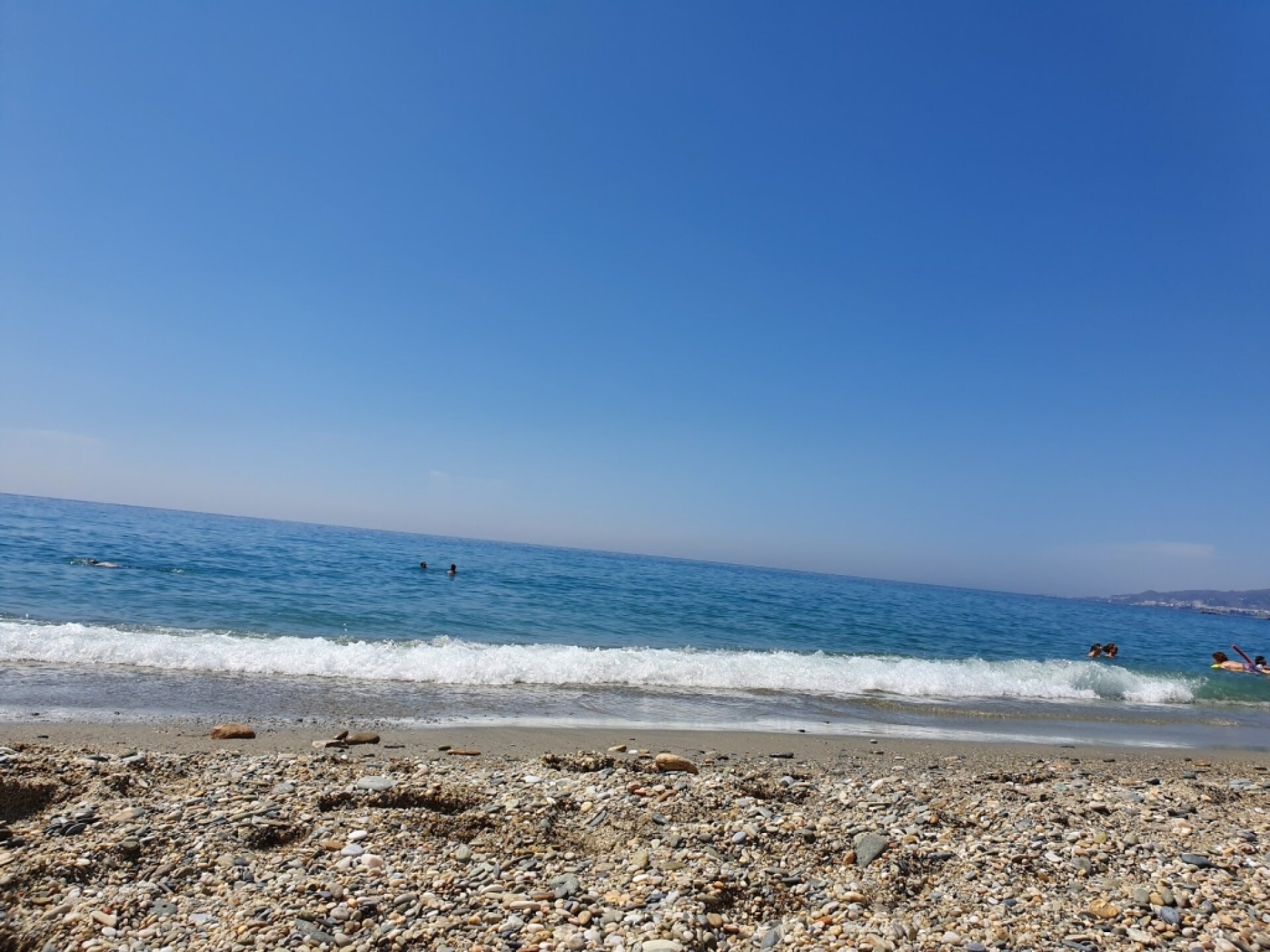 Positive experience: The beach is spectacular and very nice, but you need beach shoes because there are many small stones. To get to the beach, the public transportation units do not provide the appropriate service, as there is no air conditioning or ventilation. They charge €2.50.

────

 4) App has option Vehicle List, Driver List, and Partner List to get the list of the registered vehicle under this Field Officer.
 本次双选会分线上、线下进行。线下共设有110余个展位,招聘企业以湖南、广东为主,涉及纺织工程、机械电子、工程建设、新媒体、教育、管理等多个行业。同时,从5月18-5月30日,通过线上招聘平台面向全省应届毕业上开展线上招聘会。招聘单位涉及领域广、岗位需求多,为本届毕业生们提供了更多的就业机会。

────

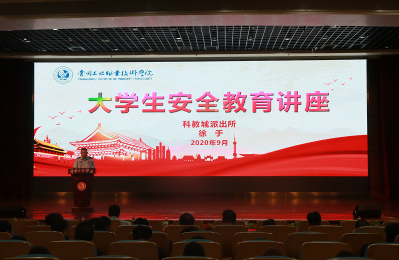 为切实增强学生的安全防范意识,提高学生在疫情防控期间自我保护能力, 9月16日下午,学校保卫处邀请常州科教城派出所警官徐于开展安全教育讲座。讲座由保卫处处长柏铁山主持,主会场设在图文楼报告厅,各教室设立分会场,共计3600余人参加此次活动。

────

The range runs from the line with "4) App has option" up to and including the line with "本次双选会分线上、线下进行。" in the listing above; please write out exactly those lines and nothing more.

## EXPECTED ANSWER
 4) App has option Vehicle List, Driver List, and Partner List to get the list of the registered vehicle under this Field Officer.
 本次双选会分线上、线下进行。线下共设有110余个展位,招聘企业以湖南、广东为主,涉及纺织工程、机械电子、工程建设、新媒体、教育、管理等多个行业。同时,从5月18-5月30日,通过线上招聘平台面向全省应届毕业上开展线上招聘会。招聘单位涉及领域广、岗位需求多,为本届毕业生们提供了更多的就业机会。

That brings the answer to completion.